Academic background
- Alma mater: London School of Economics

Academic work
- Discipline: Historian
- Institutions: Institute for Advanced Study
- Main interests: History of the Soviet Union

= Jonathan Haslam =

American historian and Sovietologist (born 1951)

Jonathan Haslam (born January 15, 1951) is past George F. Kennan Professor in the School of Historical Studies at the Institute for Advanced Study in Princeton and emeritus Professor of the History of International Relations at the University of Cambridge with a special interest in the former Soviet Union. He has written many books about Soviet foreign policy and ideology.

==Education and career==
Haslam studied at the London School of Economics (B.Sc.Econ 1972), Trinity College, Cambridge (M.Litt. 1978), and was awarded his Ph.D. at the University of Birmingham in 1984. He has lectured at many institutions including: the University of Birmingham 1975–1984; Johns Hopkins University, 1984–1986; University of California, Berkeley, 1987–1988; King's College, Cambridge, 1988–1992; Yale University 1996; Harvard University, 2001; Stanford University, 1986–1987, 1994, 2005; and the University of Cambridge 1991–2015. Haslam joined the faculty of the School of Historical Studies at the Institute for Advanced Study on July 1, 2015.

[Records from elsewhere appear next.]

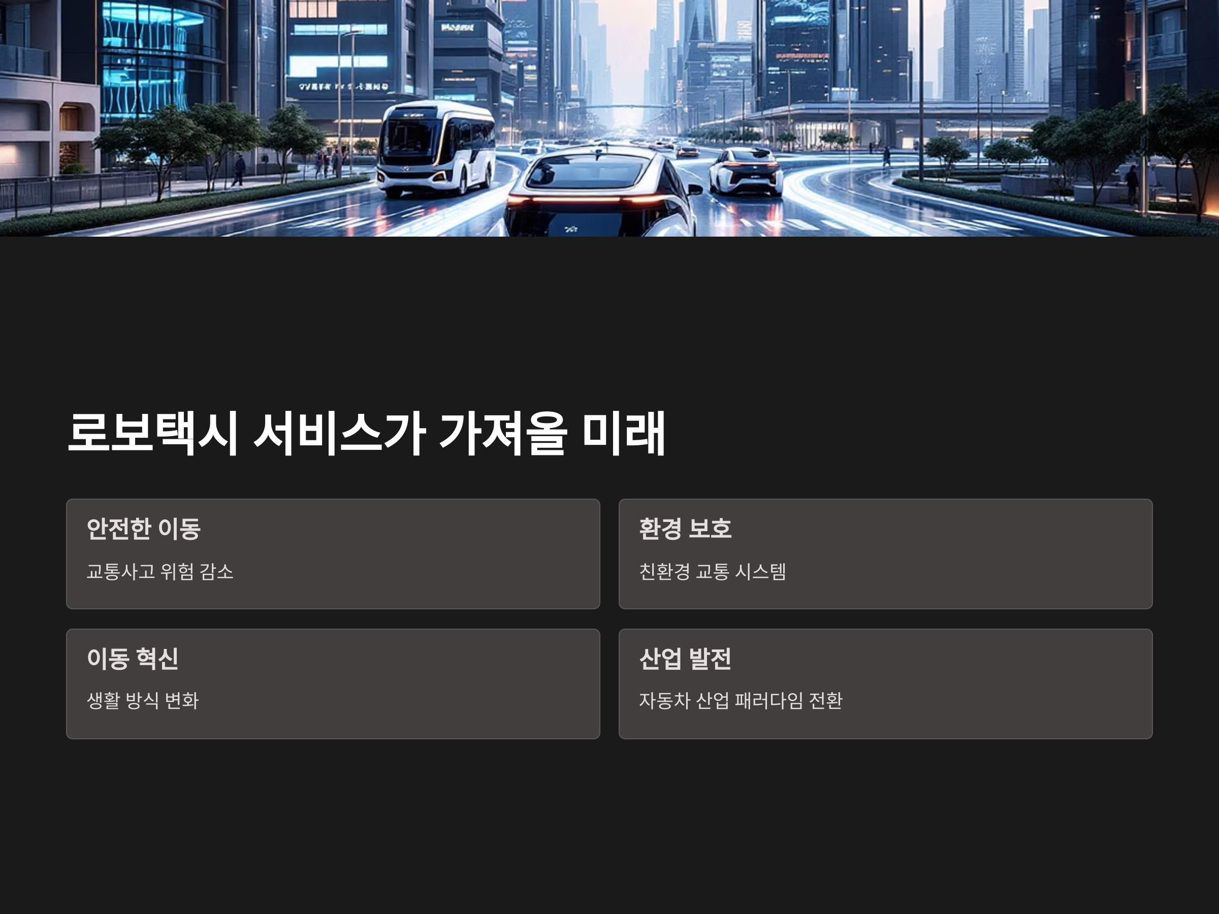 현대차의 로보택시 서비스는 단순한 이동 수단을 넘어, 사람들의 이동 방식을 혁신적으로 바꾸는 중요한 전환점이 될 것입니다. 앞으로 자율주행차의 발전과 함께 더욱 향상된 서비스가 제공될 것이며, 이는 우리 일상에 큰 영향을 미칠 것입니다.
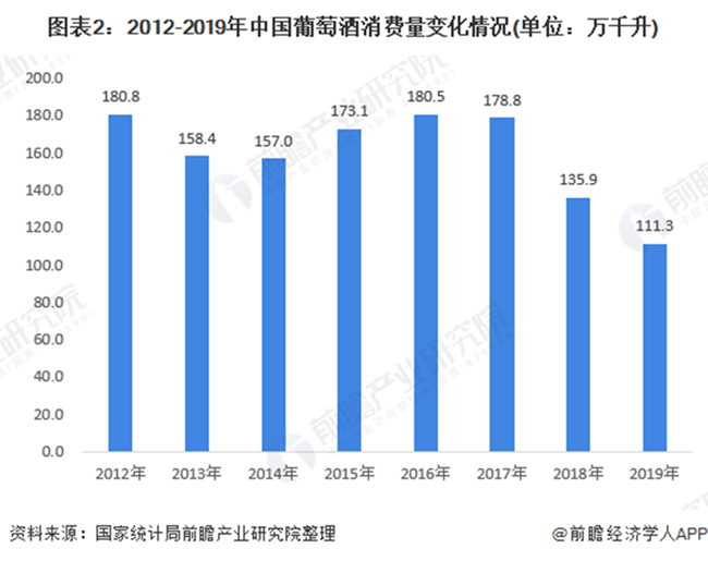 國家統(tǒng)計局?jǐn)?shù)據(jù)披露,2012-2019年,我國葡萄酒產(chǎn)量逐年下降。2019年,我國葡萄酒產(chǎn)量為4.51億升,較2018年下滑28.30%。2020年上半年,我國葡萄酒產(chǎn)量繼續(xù)走低,僅為1.27億升。
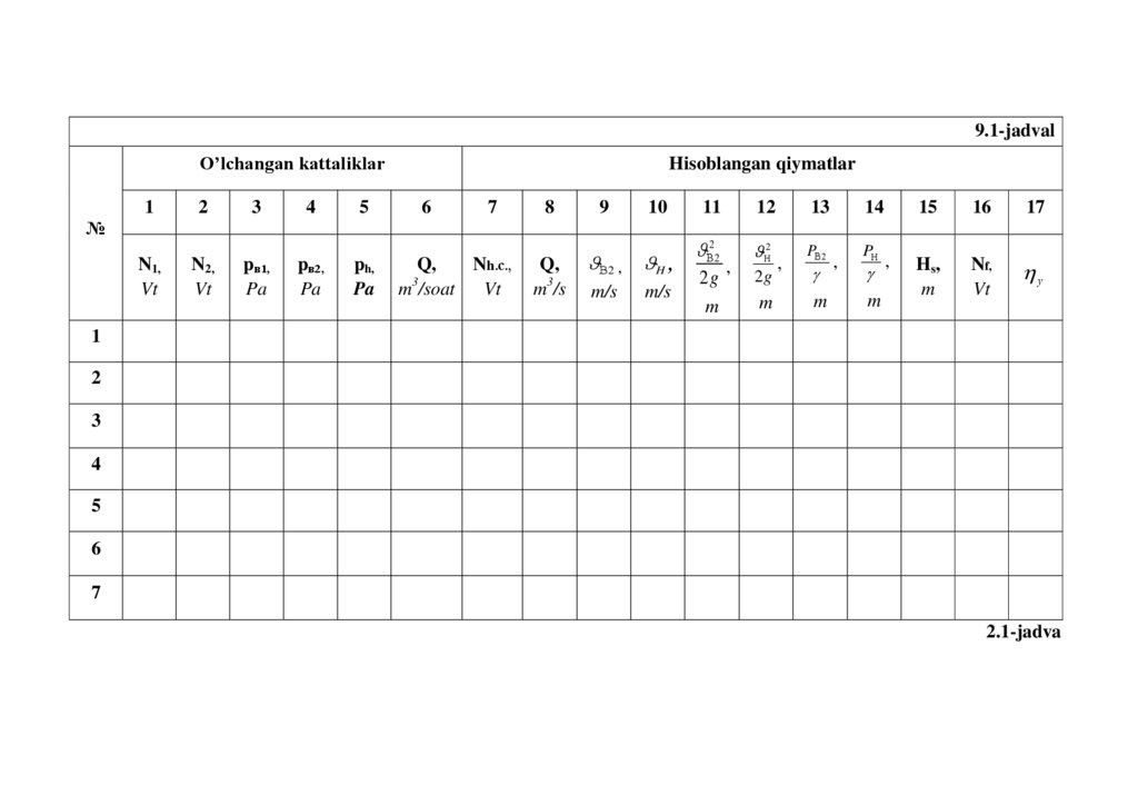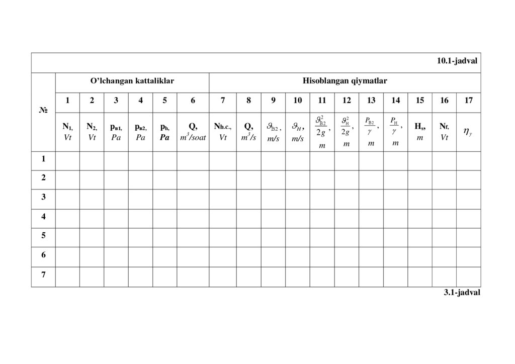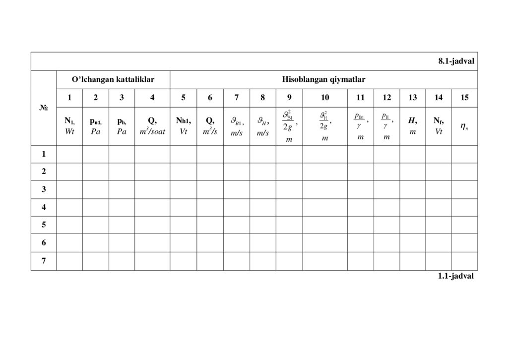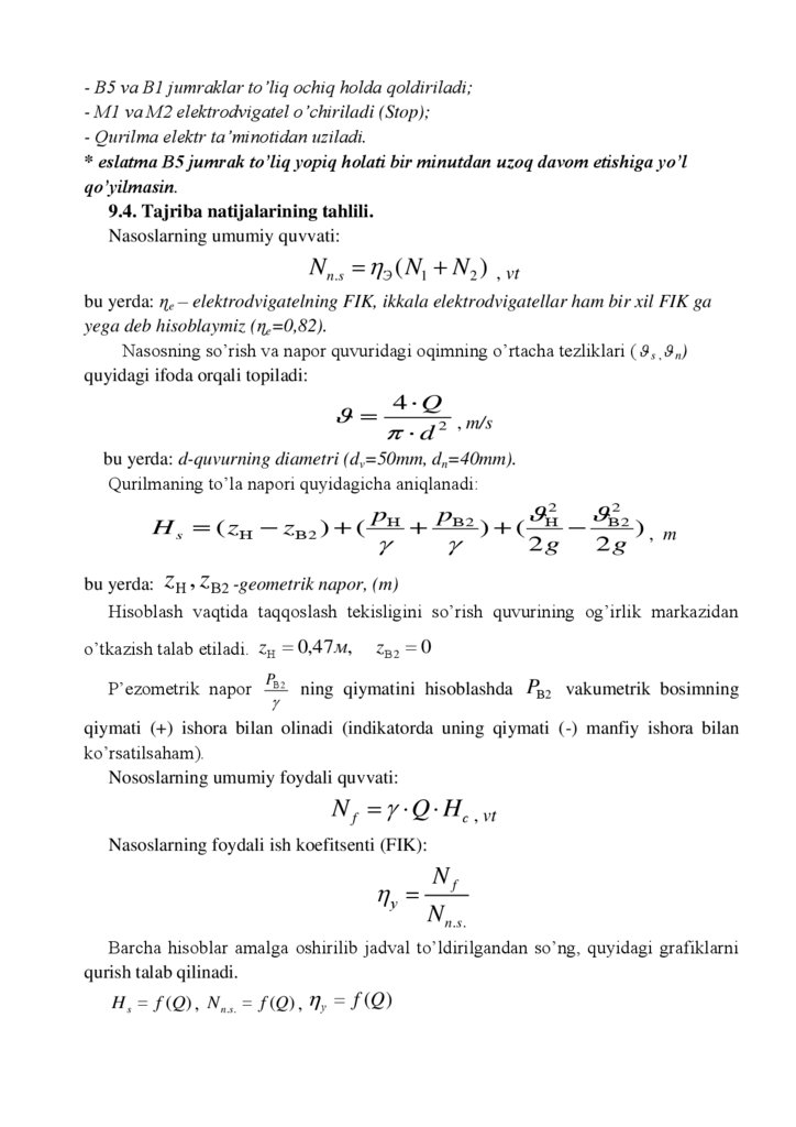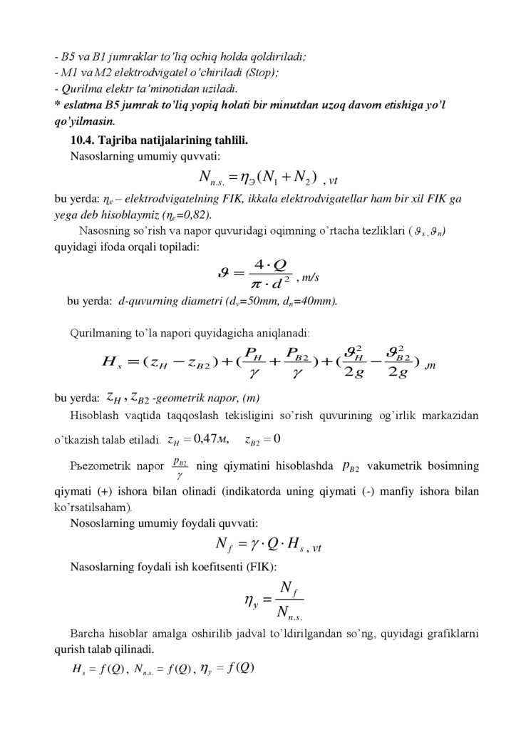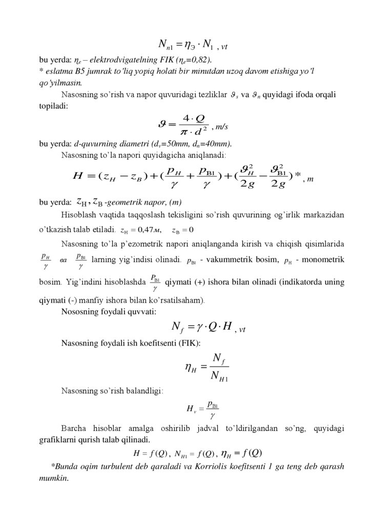 gidravlik hisoblarni bajarishda tajriba yo‘li bilan har хil gidravlik tizimlarni (nasoslar
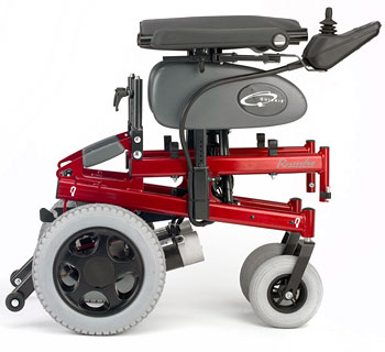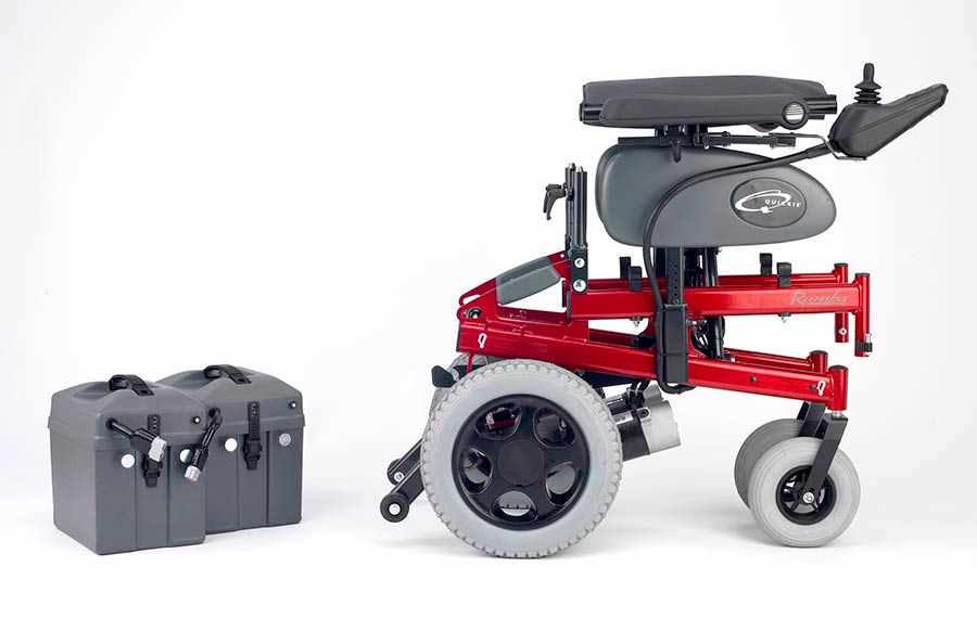El respaldo es fácilmente desmontable. Las baterías (de 50 Amp de serie) están alojadas en dos cajas, para que resulten más cómodas de manejar, y la estructura se pliega para ocupar el mínimo espacio, y poder así transportarla fácilmente. Además los antivuelcos se pliegan cuando hacen tope contra un obstáculo, por lo que la longitud de la silla se ve reducida en 5 cm. Esto es especialmente útil para tener cabida en ascensores.

Most of Haslam's works deal with the history of the Soviet Union. During his tenure at the University of Cambridge, he wrote: "My first political memory was the Cuban missile crisis of 1962. It was the only time I saw my father afraid as he thought it entirely possible–through his London contacts–that we would all be blown up. Now I know how close we came. I have thus spent most of my life in pursuit of an explanation for the Cold War by focusing on the Soviet Union."

== Works ==

=== Hubris, 2024 ===
In this work, subtitled The American Origins of Russia’s War Against Ukraine, Haslam critiques U.S. foreign policy post-Cold War, arguing that American decisions and NATO expansion contributed to tensions leading up to the Russian invasion of Ukraine since February 2022. He emphasises that the West's disregard for Russia's security concerns played a significant role in the escalation.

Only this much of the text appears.